I was temped by the bathtub in my house, wondering what I could fit in there, then I thought, I better not


----------



## e36rok (Jul 12, 2007)

*Re: (VRTT)*


_Quote, originally posted by *VRTT* »_this weakens the steals to a degree, although you can reverse the adverse effects by cooking it in the oven. 

_Modified by VRTT at 7:18 PM 1-2-2010_

The steel would need to get quenched and tempered, not thrown in your oven for a while.


----------



## SlamYourCupboards (Oct 16, 2009)

*Re: (e36rok)*


_Quote, originally posted by *e36rok* »_
The steel would need to get quenched and tempered, not thrown in your oven for a while.

Very true, when you heat and and let cool a piece of mild steel there is no change what so ever to the metal.
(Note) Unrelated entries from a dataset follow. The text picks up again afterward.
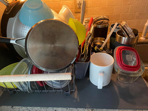 We like this better than a dish-rack, or an "absorbent" drying mat. This is like a huge soft mousepad - a good thing. I love how large and flat it is, where you can lay dishes or whatever on top (especially pots or pans that take up surface area.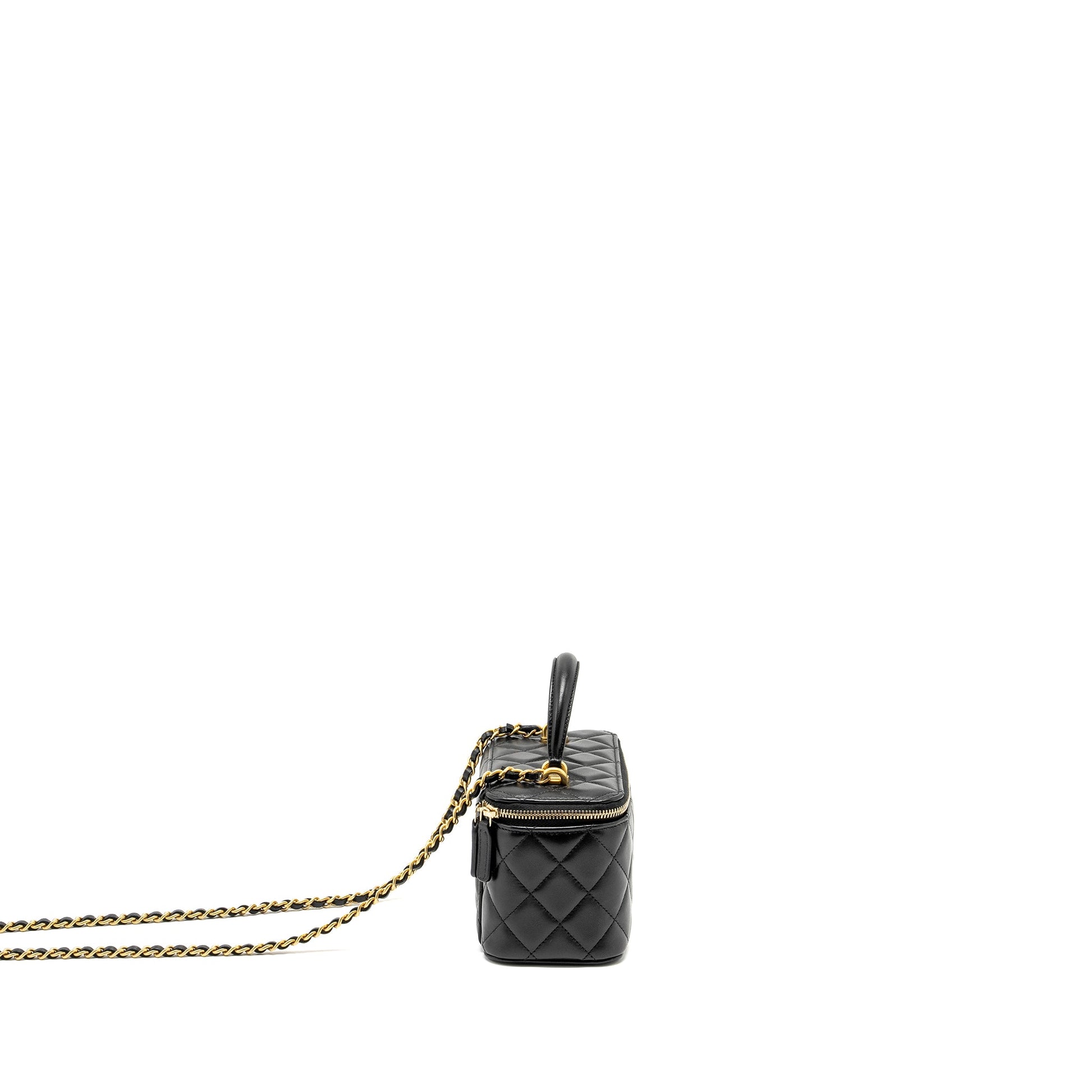 CHANEL Top Handle Long Vanity With Chain Lambskin Black GHW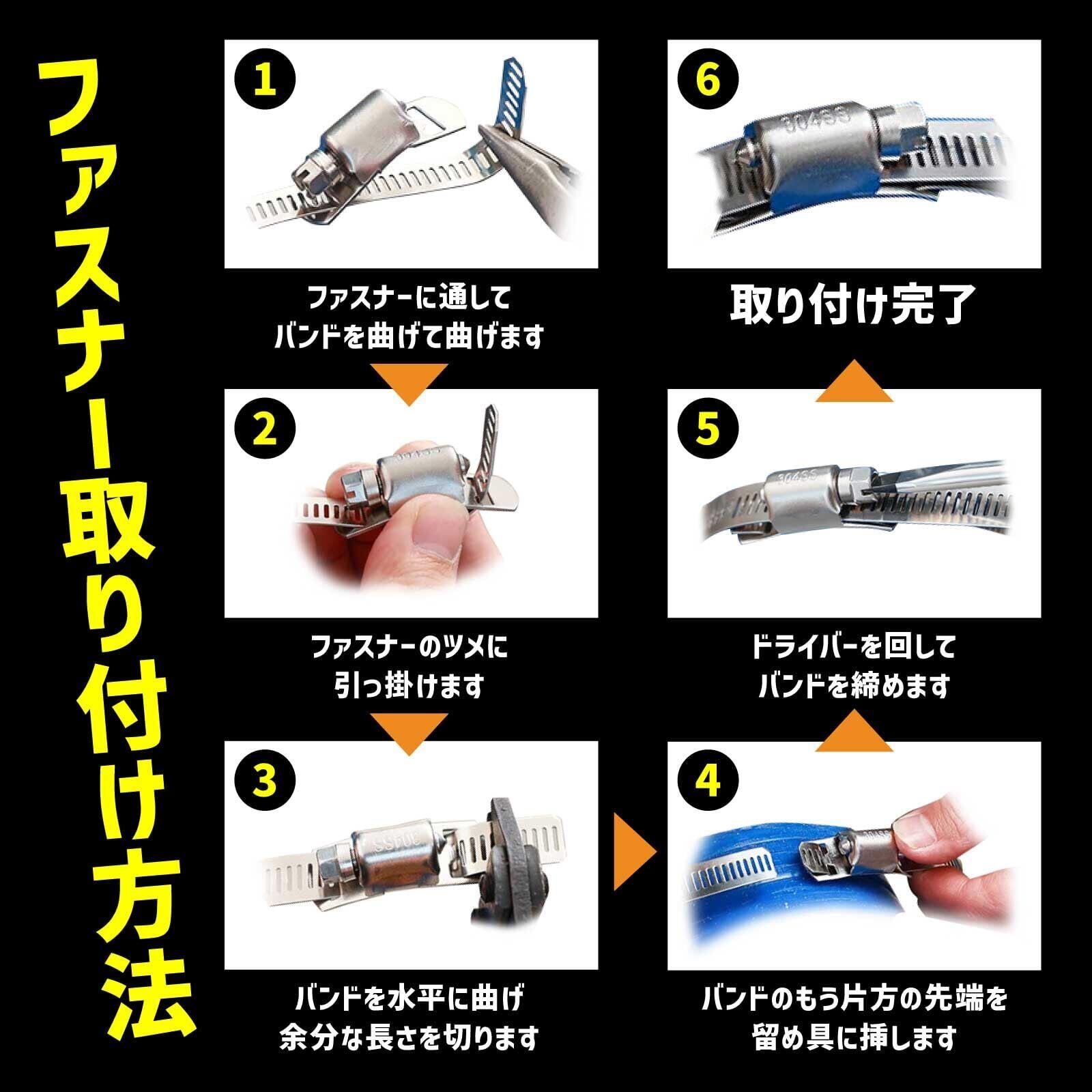 【取り付け方法】: 取り付けたいパイプの円周を測り、ホースバンドを測った長さより多めの長さにペンチ等で切断し、ファスナーを取り付けます。パイプにバンドをまき、ドライバーやソケットで固定ネジを締めます。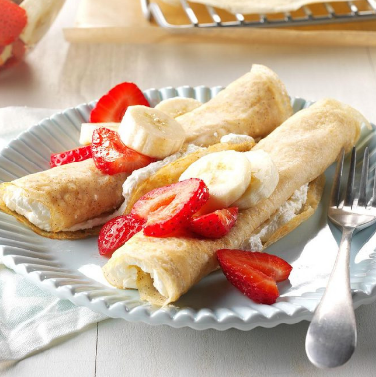 Freshly made hot Crepe, Served with Banana and Strawberry slices, Drizzled with luxurious Milk Chocolate Sauce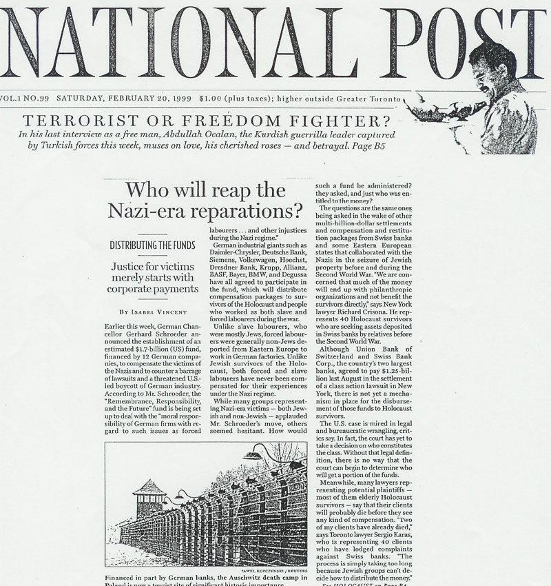 | Who will reap the Nazi-era reparations | National Post (Canada) | 20-Feb-99 | Download |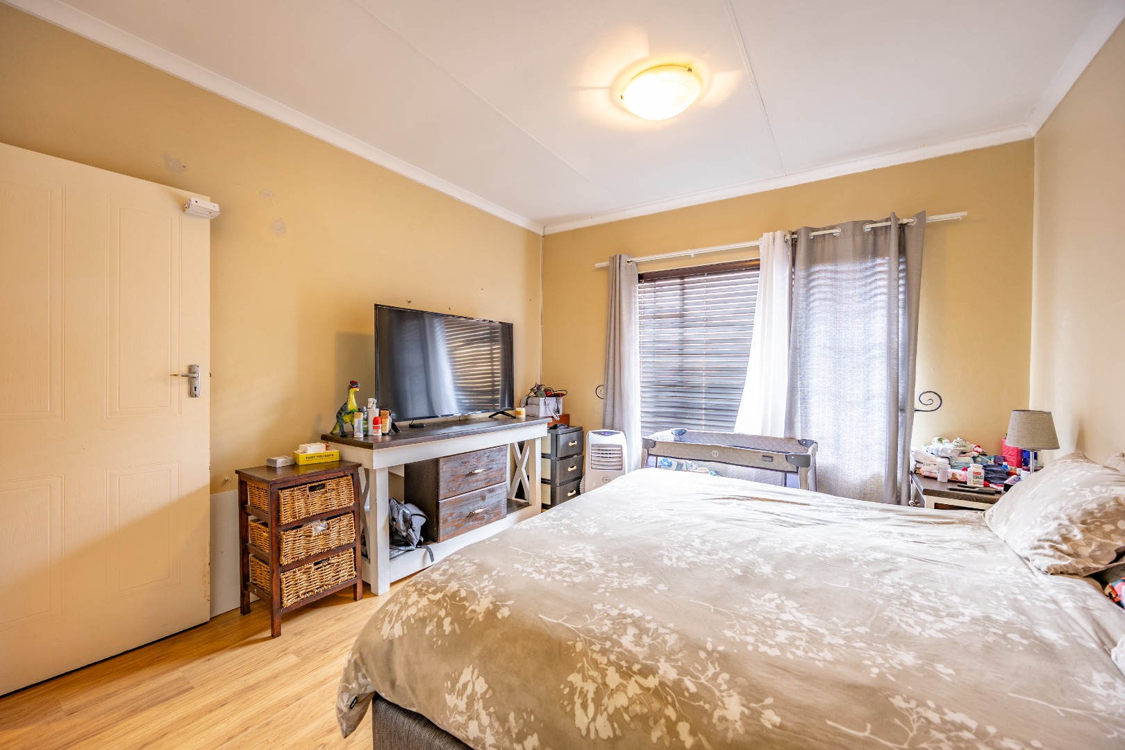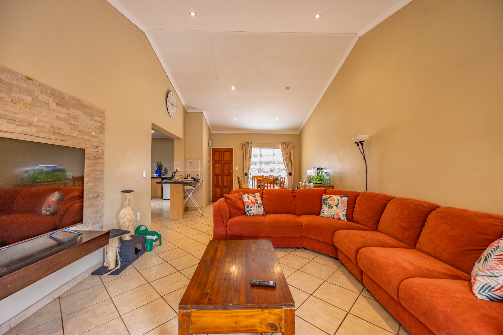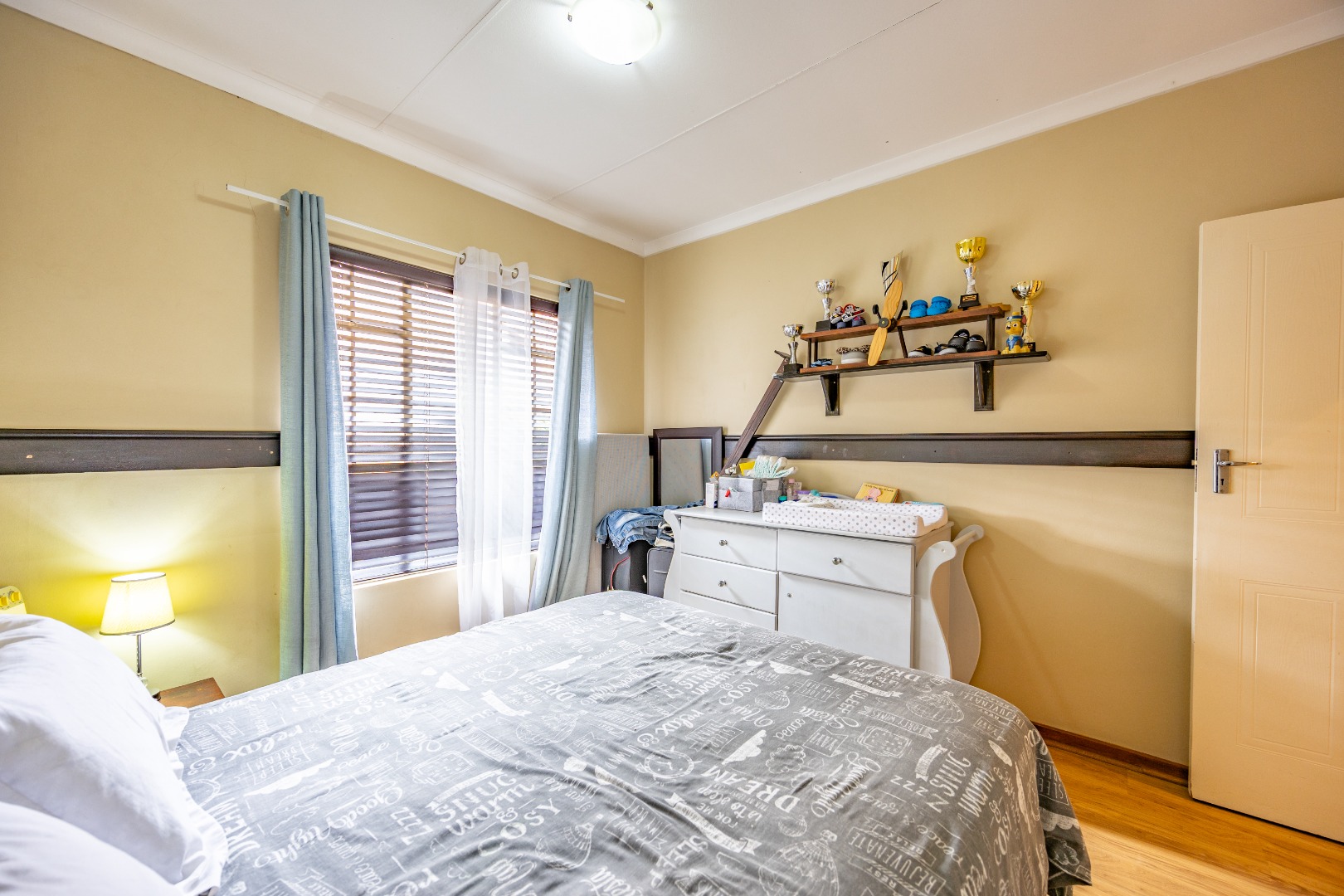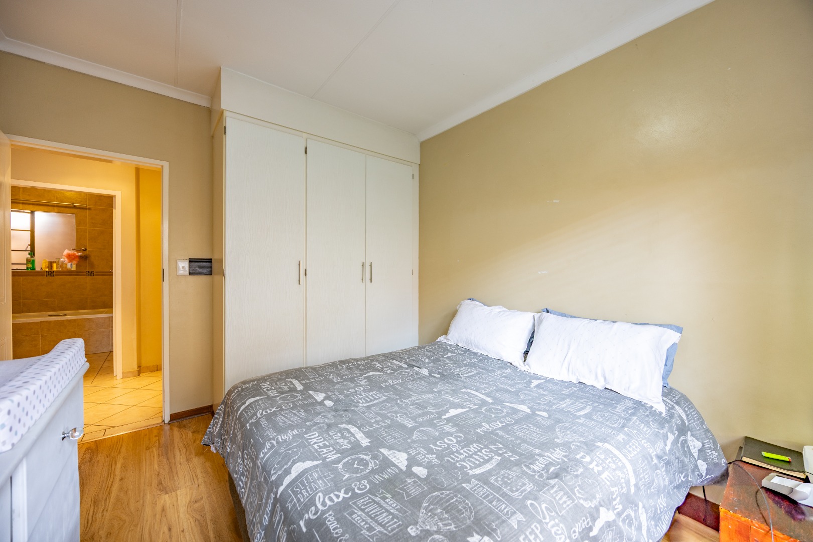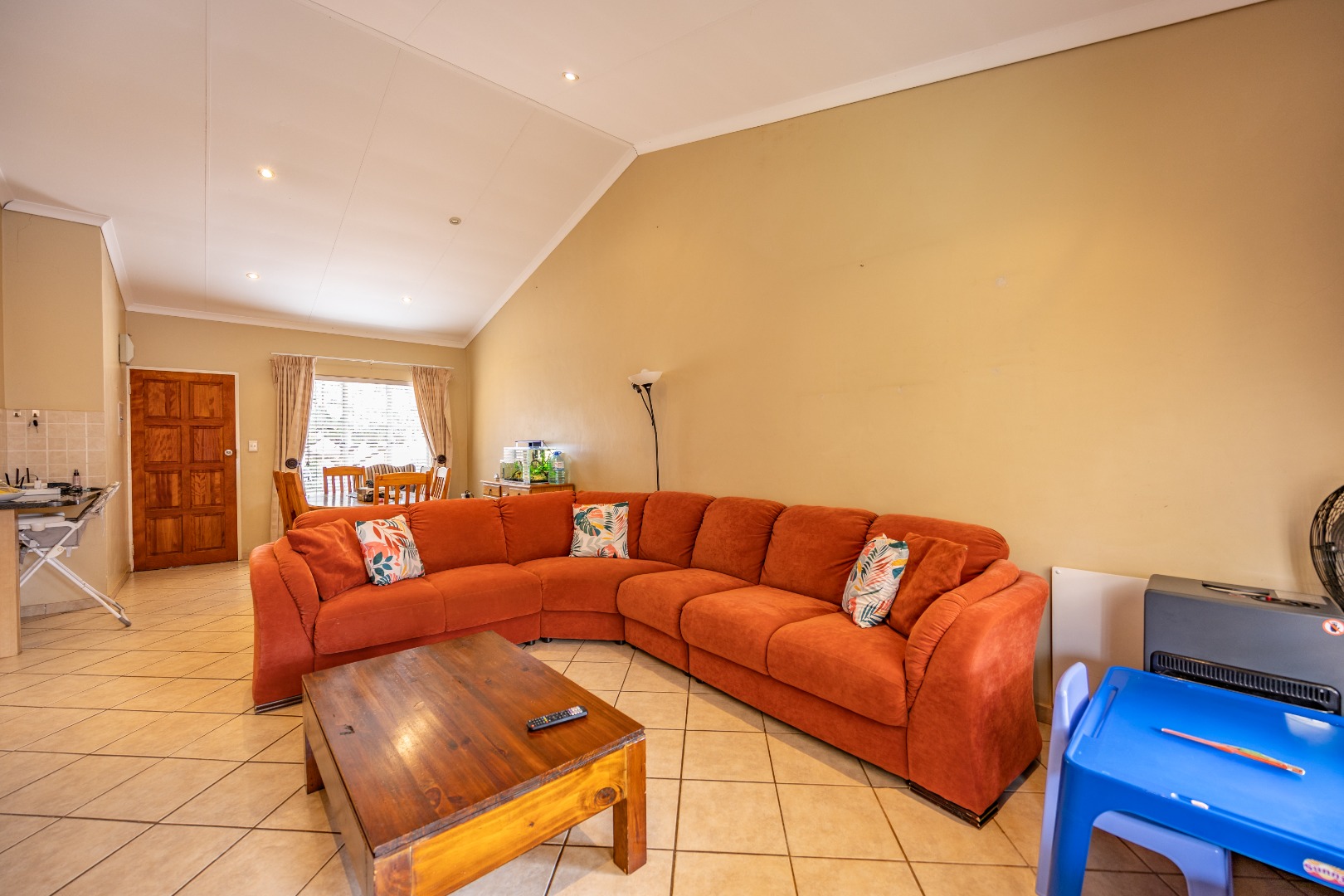 Additional features include linen cupboards, blinds in both bedrooms, a built-in braai on the patio, garden irrigation, and a double automated garage for secure parking.
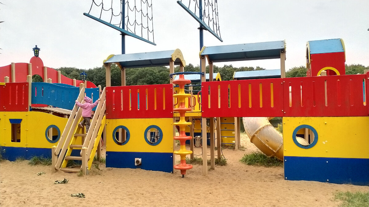 Для игры подойдёт любая площадка с домиками, городками, всевозможными лазалками, даже с простыми горками. Нам посчастливилось поиграть на корабле.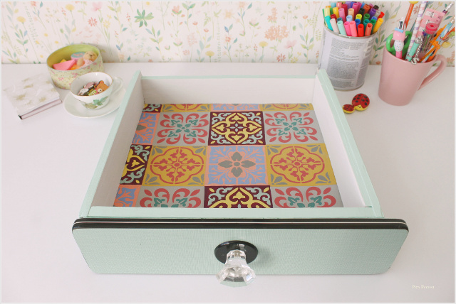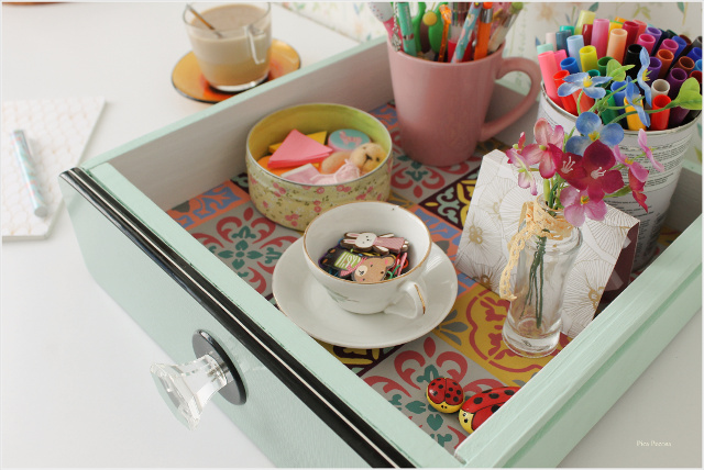Por fin hemos acabado con la habitación de invitados-trastero-vertedero y ya tenemos un pequeño despacho. Todavía no se si podré poner el estante-casita (aquí) porque me temo que tengo más cosas que espacio, pero no pierdo la esperanza. Voy haciendo pequeños avances, como este cajón que en su día estaría en una cocina guardando quién sabe qué y ahora está atiborrado con material de oficina (no te dejes engañar por las fotos, si lo saco con todo ni siquiera se intuiría el fondo azulejado).
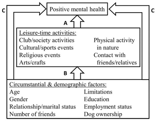 - Which circumstantial factors are associated with positive mental health of people living alone directly (C), indirectly via leisure activities (A × B), or as their combination (C + A × B)?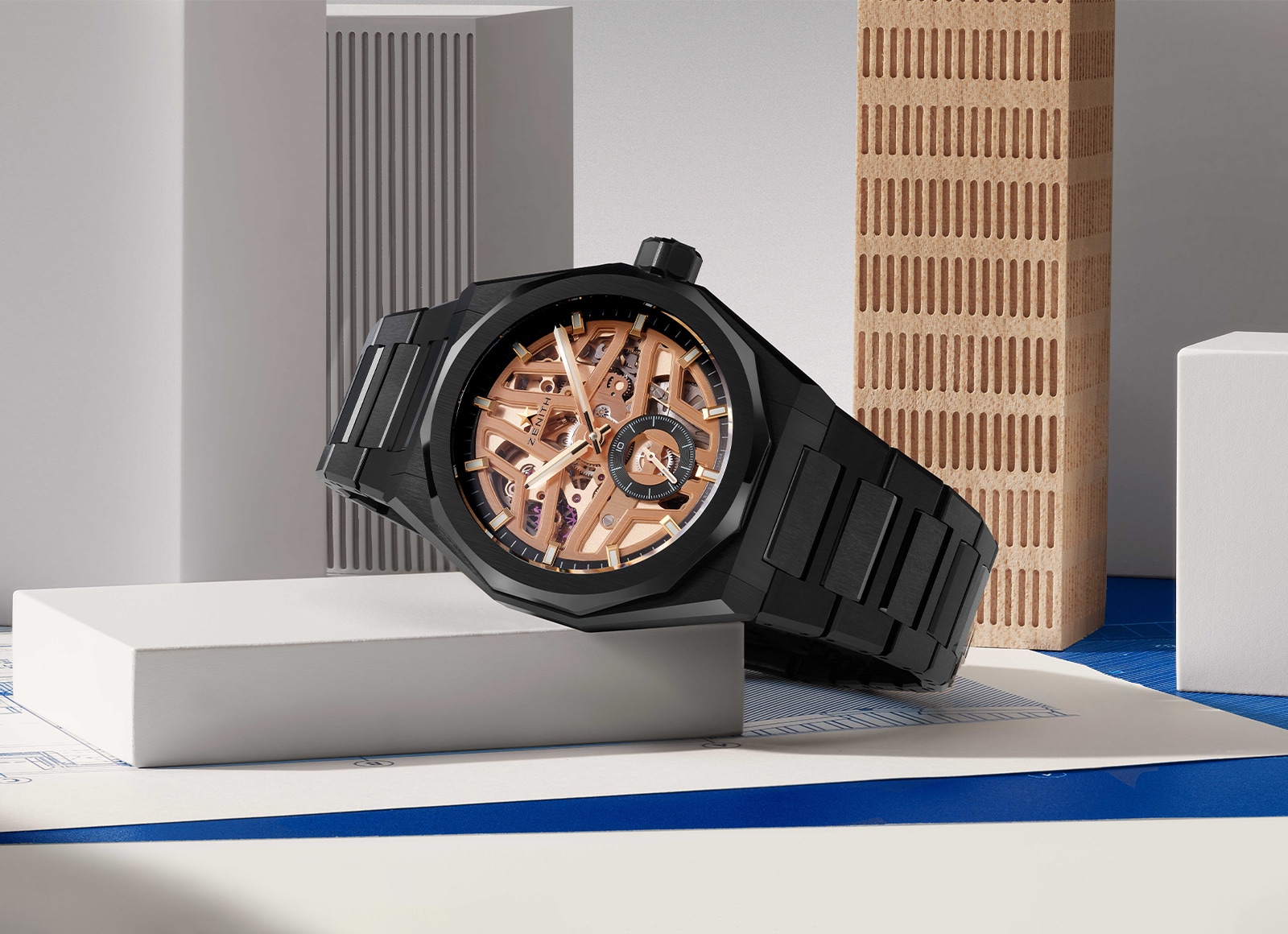 Crafted for the first time in black ceramic, the DEFY Skyline Chronograph takes on a bold, contemporary presence that evokes the contrast of light and shadow across the urban skyline. Endowed with an evolution of ZENITH’s legendary high-frequency chronograph movement, this timepiece displays 1/10th of a second, embodying the Manufacture’s dedication to precision.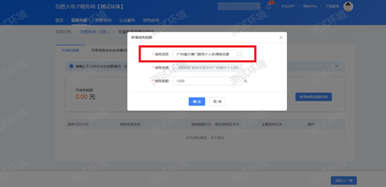 点击【新增减免税额扣除】,选择减免性质为【广州南沙香港/澳门居民个人所得税优惠】,并填写港澳居民优惠减免测算工具计算出的减免税额(仅供参考,允许修改)。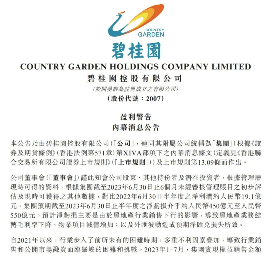 8月10日,處于輿論風(fēng)口浪尖的碧桂園以公告的方式正面回應(yīng)市場(chǎng)關(guān)切,坦承“公司遇到了自成立以來最大的困難”,公告中表示,預(yù)期截至2023年6月30日止半年度之凈虧損介乎約人民幣(下同)450億元-550億元。

When steel gets hot all of the carbon crystals line up in a straight line instead of being all bunched up, if you were to cool this steel off rapidly these crystals would stay lined up creating extreme brittleness (depending on how fast it has been cooled down). When this happens any sort of scratch or scrap on the steel becomes very stressed and usually is a place that will be prone to break.
Now, like e36rok said you need to do a quenching and tempering process to actually change the strength of the steel. In this process you will heat the steel until it is red or orange hot and then slowly submerge it in a bath (most popualraly used motor oil). Once the steel isn't red hot anymore, since it has been inside the oil, you take it out and scrape off a bit of oil. Depending on what you are doing (tempering a chisel or and center punch ect.) once you scrape off the oil you watch the steel, Different colours will start to rise up the to the tips of the item you are tempering, usually blue's and yellows. What you will be looking for is a straw yellow colour, you want to wait until this colour has reached the very tip of your piece and then you will put the steel back in the oil to fully cool it. 
You do this because the motor oil is full of carbon. In steel the higher the carbon content the strong and possibley more brittle (if this isn't done right) it will be. This ranges from mild steel, which is the most widley used to tool steel, which it gets it name from being used to make tool like chisels and punches from its high crabon contenet.


----------